━━━━━ Information provided ━━━━━

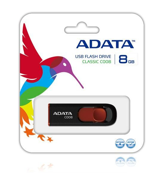 Elegantní USB flash disk s výsuvným USB konektorem, který hladce vysunete z disku palcem. Provedení bez krytky eliminuje nepříjemné potíže se ztracenou krytkou. USB konektor lze rychle a pohodlně připravit k použití jen jednou rukou. Elegantní provedení bez krytky konektoru USB konektor je ukryt v kompaktním těle, kde je plně chráněn bez nutnosti používat krytku. Jednoduchým pohybem palce vpřed je flash disk ihned připraven k použití a zpětným pohybem zase rychle schováte konektor pro potřeby skladování nebo cestování. Váš osobní styl C008 je navržen s otvorem na poutko, takže jej snadno připojíte ke klíčům nebo k mobilnímu telefonu. * řemínek není součástí výrobku. Půvabný a minimalistický design Matně texturované tělo je odolné proti poškrábání a zároveň odpuzuje špínu. C008 má elegantní tvar a dodává se ve dvou stylových barevných kombinacích. Jednoduché křivky této série jsou módní, ale zároveň ji činí také mnohem pohodlnější. Součástí každého C008 je také zajímavý a cenný software: - Nástroj OStoGO vám pomůže převést vaše instalační DVD systému Microsoft Windows 7 do přenosného úložného zařízení a umožní vám tak pohodlně a rychle nainstalovat Windows 7 díky bootování z USB bez nutnosti použití optické jednotky. - Mocný nástroj UFDtoGo synchronizuje data, e-maily a vaše oblíbené položky a poskytuje vám opravdovou mobilitu. - Norton Internet Security 2011 (60-denní zkušební verze) chrání vaše data před viry a jinými škodlivými procesy. Registrací vašeho produktu ADATA online získáte tuto ochranu zdarma. *Software zdarma ke stažení a registrace produktů jsou k dispozici pouze pro produkty ADATA s natištěnou ochrannou známkou pro stahování software. Specifikace: - Rozměry: 59,6 x 19,5 x 9,5 mm - Hmotnost: 10 g - Rozhraní: USB 2.0 - Hot Plug & Play - Napájení přes USB sběrnici - Podporované OS: Windows 98 / 2000 / XP / Vista / 7, Mac OS 9.0 nebo novější, Linux kernel 2.4 nebo novější
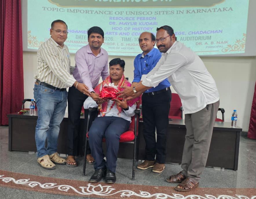 ನಗರದ ಬಿ.ಎಲ್.ಡಿ.ಇ ಸಂಸ್ಥೆಯ ಎಸ್.ಬಿ. ಕಲಾ ಮತ್ತು ಕೆ.ಸಿ.ಪಿ ವಿಜ್ಞಾನಿ ಮಹಾವಿದ್ಯಾಲಯದಲ್ಲಿ ಐಕ್ಯೂಎಸಿ, ಹೆರಿಟೇಜ್ ಕ್ಲಬ್ ಹಾಗೂ ಇತಿಹಾಸ ವಿಭಾಗದ ಸಹಯೋಗದಲ್ಲಿ ಏ.೧೮ ರಂದು ವಿಶ್ವ ಪಾರಂಪರಿಕ ದಿನಾಚರಣೆ ಅಂಗವಾಗಿ ‘ಕರ್ನಾಟಕದ ಪಾರಂಪರಿಕ ಸ್ಮಾರಕಗಳ ಮಹತ್ವ’ ಎಂಬ ವಿಷಯದ ಕುರಿತು ಸಂಪನ್ಮೂಲ ವ್ಯಕ್ತಿಯಾಗಿ ಮಾತನಾಡಿದ ಅವರು, ಪುರಾತತ್ವ ಇಲಾಖೆಯಡಿಯಲ್ಲಿನ ಹಲವಾರು ವಿಶ್ವ ಪಾರಂಪರಿಕ ತಾಣಗಳು ಇದ್ದು ಅವುಗಳನ್ನು ಸಂರಕ್ಷಿಸುವ ಜವಾಬ್ದಾರಿ ನಮ್ಮದಾಗಿದೆ, ಪಾರಂಪರಿಕ ತಾಣಗಳು ಪೂರ್ವಜರ ವಿಚಾರಗಳನ್ನು ಪಸ್ತುತಪಡಿಸುತ್ತಿವೆ ಎಂದರು.
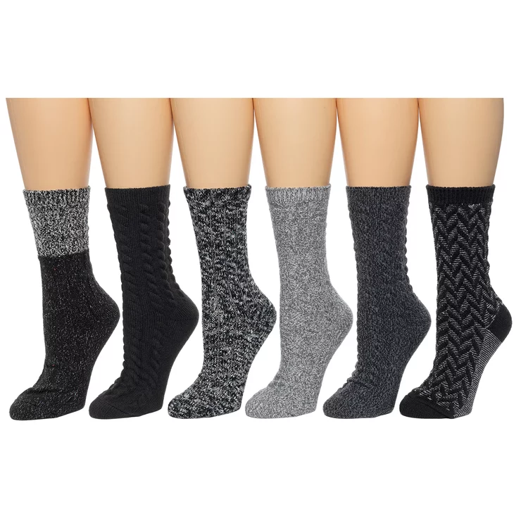 Women's Boot Socks 6 pack. Super soft hand feel, warm and cozy. Comfort welt and flat toe seam. Array of beautiful textures in wardrobing, easy to wear colours.This product features:

━━━━━

**What is expected:** Reproduce the data above exactly, leaving out any picture in it.

**Solution to this task:**
 Elegantní USB flash disk s výsuvným USB konektorem, který hladce vysunete z disku palcem. Provedení bez krytky eliminuje nepříjemné potíže se ztracenou krytkou. USB konektor lze rychle a pohodlně připravit k použití jen jednou rukou. Elegantní provedení bez krytky konektoru USB konektor je ukryt v kompaktním těle, kde je plně chráněn bez nutnosti používat krytku. Jednoduchým pohybem palce vpřed je flash disk ihned připraven k použití a zpětným pohybem zase rychle schováte konektor pro potřeby skladování nebo cestování. Váš osobní styl C008 je navržen s otvorem na poutko, takže jej snadno připojíte ke klíčům nebo k mobilnímu telefonu. * řemínek není součástí výrobku. Půvabný a minimalistický design Matně texturované tělo je odolné proti poškrábání a zároveň odpuzuje špínu. C008 má elegantní tvar a dodává se ve dvou stylových barevných kombinacích. Jednoduché křivky této série jsou módní, ale zároveň ji činí také mnohem pohodlnější. Součástí každého C008 je také zajímavý a cenný software: - Nástroj OStoGO vám pomůže převést vaše instalační DVD systému Microsoft Windows 7 do přenosného úložného zařízení a umožní vám tak pohodlně a rychle nainstalovat Windows 7 díky bootování z USB bez nutnosti použití optické jednotky. - Mocný nástroj UFDtoGo synchronizuje data, e-maily a vaše oblíbené položky a poskytuje vám opravdovou mobilitu. - Norton Internet Security 2011 (60-denní zkušební verze) chrání vaše data před viry a jinými škodlivými procesy. Registrací vašeho produktu ADATA online získáte tuto ochranu zdarma. *Software zdarma ke stažení a registrace produktů jsou k dispozici pouze pro produkty ADATA s natištěnou ochrannou známkou pro stahování software. Specifikace: - Rozměry: 59,6 x 19,5 x 9,5 mm - Hmotnost: 10 g - Rozhraní: USB 2.0 - Hot Plug & Play - Napájení přes USB sběrnici - Podporované OS: Windows 98 / 2000 / XP / Vista / 7, Mac OS 9.0 nebo novější, Linux kernel 2.4 nebo novější
 ನಗರದ ಬಿ.ಎಲ್.ಡಿ.ಇ ಸಂಸ್ಥೆಯ ಎಸ್.ಬಿ. ಕಲಾ ಮತ್ತು ಕೆ.ಸಿ.ಪಿ ವಿಜ್ಞಾನಿ ಮಹಾವಿದ್ಯಾಲಯದಲ್ಲಿ ಐಕ್ಯೂಎಸಿ, ಹೆರಿಟೇಜ್ ಕ್ಲಬ್ ಹಾಗೂ ಇತಿಹಾಸ ವಿಭಾಗದ ಸಹಯೋಗದಲ್ಲಿ ಏ.೧೮ ರಂದು ವಿಶ್ವ ಪಾರಂಪರಿಕ ದಿನಾಚರಣೆ ಅಂಗವಾಗಿ ‘ಕರ್ನಾಟಕದ ಪಾರಂಪರಿಕ ಸ್ಮಾರಕಗಳ ಮಹತ್ವ’ ಎಂಬ ವಿಷಯದ ಕುರಿತು ಸಂಪನ್ಮೂಲ ವ್ಯಕ್ತಿಯಾಗಿ ಮಾತನಾಡಿದ ಅವರು, ಪುರಾತತ್ವ ಇಲಾಖೆಯಡಿಯಲ್ಲಿನ ಹಲವಾರು ವಿಶ್ವ ಪಾರಂಪರಿಕ ತಾಣಗಳು ಇದ್ದು ಅವುಗಳನ್ನು ಸಂರಕ್ಷಿಸುವ ಜವಾಬ್ದಾರಿ ನಮ್ಮದಾಗಿದೆ, ಪಾರಂಪರಿಕ ತಾಣಗಳು ಪೂರ್ವಜರ ವಿಚಾರಗಳನ್ನು ಪಸ್ತುತಪಡಿಸುತ್ತಿವೆ ಎಂದರು.
 Women's Boot Socks 6 pack. Super soft hand feel, warm and cozy. Comfort welt and flat toe seam. Array of beautiful textures in wardrobing, easy to wear colours.This product features:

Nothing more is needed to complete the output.